One major illegal vending area is Fern Gully, a rare and delicate rainforest ecosystem that has served as a tourist attraction since the late 19th century and that is, controversially, also a busy traffic thoroughfare and part of the main road between Kingston and Ocho Rios. An attempt in 1997 to relocate the vendors, some of whom had occupied their spot for more than 20 years, to a nearby but less visible authorized vending site led to violent riots in which the road was blocked for an entire day and the vegetation and fixtures allegedly vandalized by protesters (Gleaner March 12, 1997, A3 & March 14, 1997, A2). While environmentally regrettable, this incident made a strong statement about the vendors’ sense of ownership of the site (Walsh 1997). Thus far, the various attempts to remove the vendors have not been successful: some were temporarily relocated but have since returned and several others have joined them. Fern Gully thus remains as a prime illegal craft vending site.

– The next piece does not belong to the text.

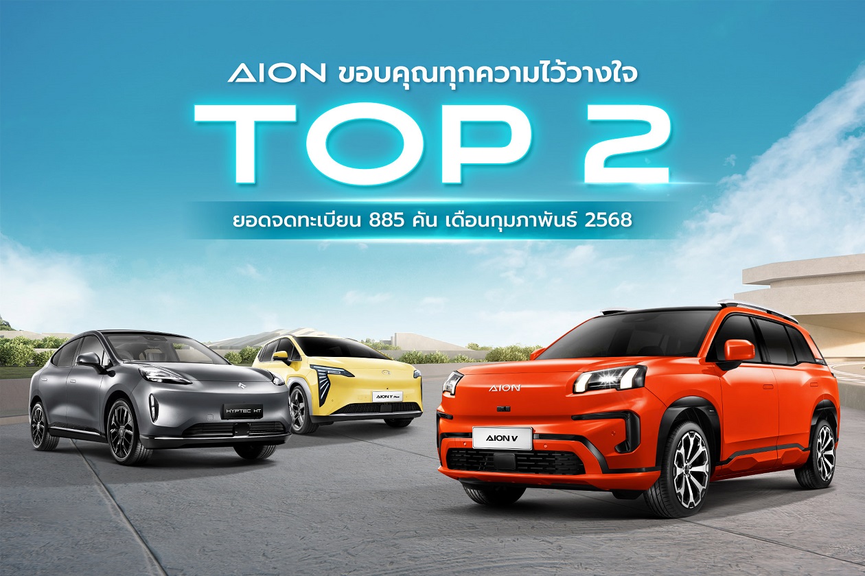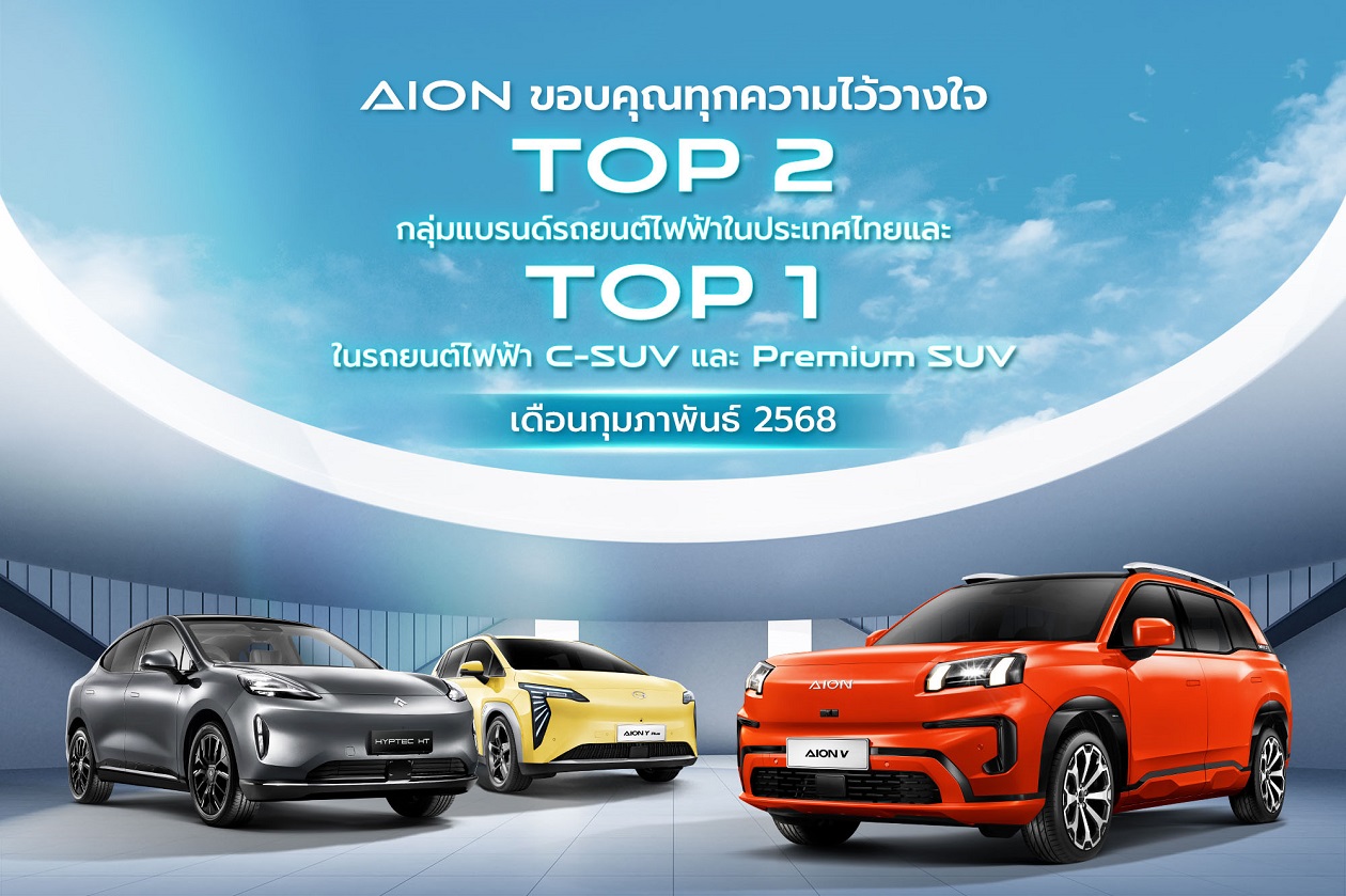AION Thailand สร้างปรากฏการณ์ยอดจดทะเบียนในเดือนกุมภาพันธ์ 2568 คว้าตำแหน่งยอดจดทะเบียนอันดับ 1 และอันดับ 2 ในกลุ่มรถยนต์ไฟฟ้า C-SUV ในรุ่น AION V และ AION Y Plus ตามลำดับ และคว้าตำแหน่ง ยอดจดทะเบียนอันดับ 1 รถยนต์ไฟฟ้า Premium SUV ในรุ่น HYPTEC HT สะท้อนถึงความเชื่อมั่นจากผู้บริโภคชาวไทย ที่ไว้วางใจและเลือกใช้รถยนต์ไฟฟ้าอัจฉริยะ AION และ HYPTEC

Among the most remarkable items seen in the Fern Gully stalls are life-size carvings of dreadlocksed, ganja-pipe smoking males with giant erect penis, which is often detachable, lest there be any doubt about the reference to the commodification of black male sexuality in tourism. Phallic carvings are fairly common among the exotic tourist arts but in Jamaica their life-size, publicly displayed and specifically Rastafarian incarnation seems to date from the late 1990s. While they have also appeared in other formal and informal craft markets, they seem to have occurred first and foremost in Fern Gully.[1] The carvings have been controversial in the local public sphere, much more so than the (admittedly more modest) sexy tourism posters from the early 1970s and 1980s. In 2002, the then Minister of Tourism Portia Simpson-Miller, expressed her outrage at the lewd statues when she visited various tourist sites and the journalist Barbara Gloudon waged a campaign against them on her radio call-in programme during 2003. The Fern Gully vendors have countered that tourists like the carvings and stop to have their photographs taken with the larger, less saleable examples – they can do so for a small fee – turning them into scandalous attractions that bring much-needed attention to the stalls.[2]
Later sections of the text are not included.